[Opening DATA FOR PROCESSING section]

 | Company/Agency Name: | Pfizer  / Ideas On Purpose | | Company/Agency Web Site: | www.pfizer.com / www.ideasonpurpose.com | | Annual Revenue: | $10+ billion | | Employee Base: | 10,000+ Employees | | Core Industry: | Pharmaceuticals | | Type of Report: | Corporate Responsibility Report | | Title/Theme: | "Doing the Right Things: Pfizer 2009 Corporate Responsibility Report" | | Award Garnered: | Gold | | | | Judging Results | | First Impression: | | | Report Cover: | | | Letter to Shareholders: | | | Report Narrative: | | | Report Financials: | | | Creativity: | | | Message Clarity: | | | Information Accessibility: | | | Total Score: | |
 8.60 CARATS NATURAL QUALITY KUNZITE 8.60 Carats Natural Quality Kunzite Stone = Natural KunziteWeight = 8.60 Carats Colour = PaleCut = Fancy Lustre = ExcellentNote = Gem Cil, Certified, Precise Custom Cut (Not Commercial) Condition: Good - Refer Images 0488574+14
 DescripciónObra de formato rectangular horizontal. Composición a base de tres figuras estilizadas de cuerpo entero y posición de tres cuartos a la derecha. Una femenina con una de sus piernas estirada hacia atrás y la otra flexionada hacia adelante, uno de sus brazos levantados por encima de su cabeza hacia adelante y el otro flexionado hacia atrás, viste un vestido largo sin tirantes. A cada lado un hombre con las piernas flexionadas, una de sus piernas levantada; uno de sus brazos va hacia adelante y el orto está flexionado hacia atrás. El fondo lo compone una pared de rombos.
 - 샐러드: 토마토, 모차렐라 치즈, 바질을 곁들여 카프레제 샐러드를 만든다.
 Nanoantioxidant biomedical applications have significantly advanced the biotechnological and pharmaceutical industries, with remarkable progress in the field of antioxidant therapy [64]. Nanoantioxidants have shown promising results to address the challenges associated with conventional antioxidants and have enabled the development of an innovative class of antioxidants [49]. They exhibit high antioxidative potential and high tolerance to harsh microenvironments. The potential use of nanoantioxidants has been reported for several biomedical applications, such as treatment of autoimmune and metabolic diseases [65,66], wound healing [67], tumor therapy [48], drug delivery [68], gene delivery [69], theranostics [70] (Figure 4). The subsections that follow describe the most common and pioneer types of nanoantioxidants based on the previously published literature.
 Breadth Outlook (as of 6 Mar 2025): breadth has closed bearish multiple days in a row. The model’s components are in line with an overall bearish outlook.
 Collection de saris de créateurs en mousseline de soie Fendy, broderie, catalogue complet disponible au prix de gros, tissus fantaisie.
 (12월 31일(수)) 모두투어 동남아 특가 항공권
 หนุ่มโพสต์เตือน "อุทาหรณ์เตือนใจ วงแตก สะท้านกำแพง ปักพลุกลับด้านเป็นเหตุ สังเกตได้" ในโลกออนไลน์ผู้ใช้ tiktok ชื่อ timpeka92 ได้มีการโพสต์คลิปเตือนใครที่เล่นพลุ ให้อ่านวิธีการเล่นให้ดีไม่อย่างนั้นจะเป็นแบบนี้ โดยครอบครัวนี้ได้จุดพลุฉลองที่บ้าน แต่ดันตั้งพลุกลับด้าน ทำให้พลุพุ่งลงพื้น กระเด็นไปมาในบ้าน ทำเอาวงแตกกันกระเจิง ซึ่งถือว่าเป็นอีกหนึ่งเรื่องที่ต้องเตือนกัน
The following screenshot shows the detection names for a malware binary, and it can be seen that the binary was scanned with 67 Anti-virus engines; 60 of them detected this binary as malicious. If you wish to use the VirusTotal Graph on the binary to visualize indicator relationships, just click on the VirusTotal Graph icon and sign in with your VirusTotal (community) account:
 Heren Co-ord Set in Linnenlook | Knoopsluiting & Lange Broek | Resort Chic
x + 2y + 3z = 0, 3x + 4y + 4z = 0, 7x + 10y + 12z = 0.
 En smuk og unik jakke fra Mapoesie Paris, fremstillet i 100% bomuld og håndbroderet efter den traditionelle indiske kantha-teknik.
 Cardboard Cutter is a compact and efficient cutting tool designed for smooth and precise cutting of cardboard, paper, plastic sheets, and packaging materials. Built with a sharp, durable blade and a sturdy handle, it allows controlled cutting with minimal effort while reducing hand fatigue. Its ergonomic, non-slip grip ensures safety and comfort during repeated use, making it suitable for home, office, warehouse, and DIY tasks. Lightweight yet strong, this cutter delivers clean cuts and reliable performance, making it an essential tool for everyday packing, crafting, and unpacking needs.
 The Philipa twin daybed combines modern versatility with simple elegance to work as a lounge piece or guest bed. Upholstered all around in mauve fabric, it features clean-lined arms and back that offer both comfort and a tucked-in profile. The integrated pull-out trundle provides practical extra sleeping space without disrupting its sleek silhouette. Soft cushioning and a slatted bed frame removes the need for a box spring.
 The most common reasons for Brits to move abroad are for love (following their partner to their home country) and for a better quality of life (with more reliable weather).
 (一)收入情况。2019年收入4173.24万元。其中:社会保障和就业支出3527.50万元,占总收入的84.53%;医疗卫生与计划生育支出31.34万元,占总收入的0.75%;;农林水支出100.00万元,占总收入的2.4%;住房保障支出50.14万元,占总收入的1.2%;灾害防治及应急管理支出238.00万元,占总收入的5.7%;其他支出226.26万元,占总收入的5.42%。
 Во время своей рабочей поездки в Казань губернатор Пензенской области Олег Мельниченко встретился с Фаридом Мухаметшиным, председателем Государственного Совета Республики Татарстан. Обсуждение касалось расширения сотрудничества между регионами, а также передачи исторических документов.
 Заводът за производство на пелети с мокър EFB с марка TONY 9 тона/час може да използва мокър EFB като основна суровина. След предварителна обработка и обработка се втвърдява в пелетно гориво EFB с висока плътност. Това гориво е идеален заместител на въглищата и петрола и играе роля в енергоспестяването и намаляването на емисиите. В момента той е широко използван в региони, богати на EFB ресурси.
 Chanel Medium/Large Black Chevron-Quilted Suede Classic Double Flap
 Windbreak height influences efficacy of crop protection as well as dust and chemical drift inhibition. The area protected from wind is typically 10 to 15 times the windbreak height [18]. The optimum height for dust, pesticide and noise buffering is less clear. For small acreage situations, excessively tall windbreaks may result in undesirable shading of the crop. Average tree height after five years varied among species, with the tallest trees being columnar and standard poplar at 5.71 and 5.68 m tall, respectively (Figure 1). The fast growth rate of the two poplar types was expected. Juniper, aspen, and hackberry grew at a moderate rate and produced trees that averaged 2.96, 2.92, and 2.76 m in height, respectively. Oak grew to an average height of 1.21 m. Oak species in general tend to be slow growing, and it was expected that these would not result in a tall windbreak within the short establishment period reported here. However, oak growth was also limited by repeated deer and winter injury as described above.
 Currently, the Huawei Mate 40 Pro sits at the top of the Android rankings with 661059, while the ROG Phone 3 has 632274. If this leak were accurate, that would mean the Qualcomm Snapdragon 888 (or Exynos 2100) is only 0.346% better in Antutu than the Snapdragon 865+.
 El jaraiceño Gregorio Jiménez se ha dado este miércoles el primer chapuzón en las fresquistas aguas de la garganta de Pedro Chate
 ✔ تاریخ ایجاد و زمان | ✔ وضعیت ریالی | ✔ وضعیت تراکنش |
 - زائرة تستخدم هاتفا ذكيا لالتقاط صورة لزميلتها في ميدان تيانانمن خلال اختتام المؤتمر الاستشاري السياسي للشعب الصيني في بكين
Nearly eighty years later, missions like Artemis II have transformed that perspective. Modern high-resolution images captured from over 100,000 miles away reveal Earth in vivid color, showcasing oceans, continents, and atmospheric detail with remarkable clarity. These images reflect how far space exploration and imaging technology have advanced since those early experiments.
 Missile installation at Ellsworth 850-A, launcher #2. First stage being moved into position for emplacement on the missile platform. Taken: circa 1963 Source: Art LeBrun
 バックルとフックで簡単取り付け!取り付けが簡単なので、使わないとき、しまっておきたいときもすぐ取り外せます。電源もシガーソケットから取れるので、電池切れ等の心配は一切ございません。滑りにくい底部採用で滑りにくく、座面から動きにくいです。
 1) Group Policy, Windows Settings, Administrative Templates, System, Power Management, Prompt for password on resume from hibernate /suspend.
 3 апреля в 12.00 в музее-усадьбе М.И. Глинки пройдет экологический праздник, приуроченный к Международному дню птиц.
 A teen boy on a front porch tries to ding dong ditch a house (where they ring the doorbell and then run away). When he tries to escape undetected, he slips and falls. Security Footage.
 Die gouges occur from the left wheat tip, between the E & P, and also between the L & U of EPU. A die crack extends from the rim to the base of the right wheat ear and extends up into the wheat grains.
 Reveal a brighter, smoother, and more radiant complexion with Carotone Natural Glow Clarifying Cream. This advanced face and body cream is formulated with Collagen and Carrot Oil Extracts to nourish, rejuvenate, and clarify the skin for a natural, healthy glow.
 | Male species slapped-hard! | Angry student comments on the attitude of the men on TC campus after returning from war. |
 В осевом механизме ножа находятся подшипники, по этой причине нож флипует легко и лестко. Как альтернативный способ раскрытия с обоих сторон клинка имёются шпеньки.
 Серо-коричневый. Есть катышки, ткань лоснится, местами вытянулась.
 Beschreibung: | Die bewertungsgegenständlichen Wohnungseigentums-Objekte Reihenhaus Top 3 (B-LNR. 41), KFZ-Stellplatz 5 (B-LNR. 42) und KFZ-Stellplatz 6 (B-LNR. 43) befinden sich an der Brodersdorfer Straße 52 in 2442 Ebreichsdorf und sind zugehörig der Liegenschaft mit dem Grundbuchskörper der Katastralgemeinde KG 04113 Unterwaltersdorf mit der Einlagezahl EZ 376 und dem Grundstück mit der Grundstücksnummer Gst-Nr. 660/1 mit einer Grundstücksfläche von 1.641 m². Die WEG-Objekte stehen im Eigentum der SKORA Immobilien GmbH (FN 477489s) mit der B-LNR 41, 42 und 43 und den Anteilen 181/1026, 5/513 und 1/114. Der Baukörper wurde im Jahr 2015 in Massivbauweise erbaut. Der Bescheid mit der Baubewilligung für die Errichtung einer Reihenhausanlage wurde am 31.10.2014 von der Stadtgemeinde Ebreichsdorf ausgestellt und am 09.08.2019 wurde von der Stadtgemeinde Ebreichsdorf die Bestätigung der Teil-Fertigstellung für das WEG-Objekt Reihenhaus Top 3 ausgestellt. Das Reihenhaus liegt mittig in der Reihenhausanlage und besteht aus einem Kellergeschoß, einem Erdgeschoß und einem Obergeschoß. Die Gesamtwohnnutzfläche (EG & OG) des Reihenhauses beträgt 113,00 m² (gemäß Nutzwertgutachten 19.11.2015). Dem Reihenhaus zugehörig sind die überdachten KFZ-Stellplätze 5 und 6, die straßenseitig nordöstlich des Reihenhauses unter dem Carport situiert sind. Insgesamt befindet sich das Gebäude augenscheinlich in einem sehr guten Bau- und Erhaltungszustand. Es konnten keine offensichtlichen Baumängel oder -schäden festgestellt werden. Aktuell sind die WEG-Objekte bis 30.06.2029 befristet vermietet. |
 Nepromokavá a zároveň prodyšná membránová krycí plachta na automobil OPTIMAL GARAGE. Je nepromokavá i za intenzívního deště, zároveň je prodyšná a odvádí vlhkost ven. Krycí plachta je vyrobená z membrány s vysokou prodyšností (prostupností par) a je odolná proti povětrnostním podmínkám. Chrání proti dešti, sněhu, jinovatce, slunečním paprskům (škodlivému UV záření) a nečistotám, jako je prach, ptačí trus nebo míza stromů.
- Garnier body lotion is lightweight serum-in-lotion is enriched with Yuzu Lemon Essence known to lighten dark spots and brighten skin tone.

[Closing DATA FOR PROCESSING section]

**PROBLEM TO SOLVE:** Repeat exactly the lines of the listing above, from the one with "В осевом механизме" down to the one with "Серо-коричневый. Есть катышки, ткань"; both of those lines belong in the range.

**ANSWER FOR THIS EXERCISE:**
 В осевом механизме ножа находятся подшипники, по этой причине нож флипует легко и лестко. Как альтернативный способ раскрытия с обоих сторон клинка имёются шпеньки.
 Серо-коричневый. Есть катышки, ткань лоснится, местами вытянулась.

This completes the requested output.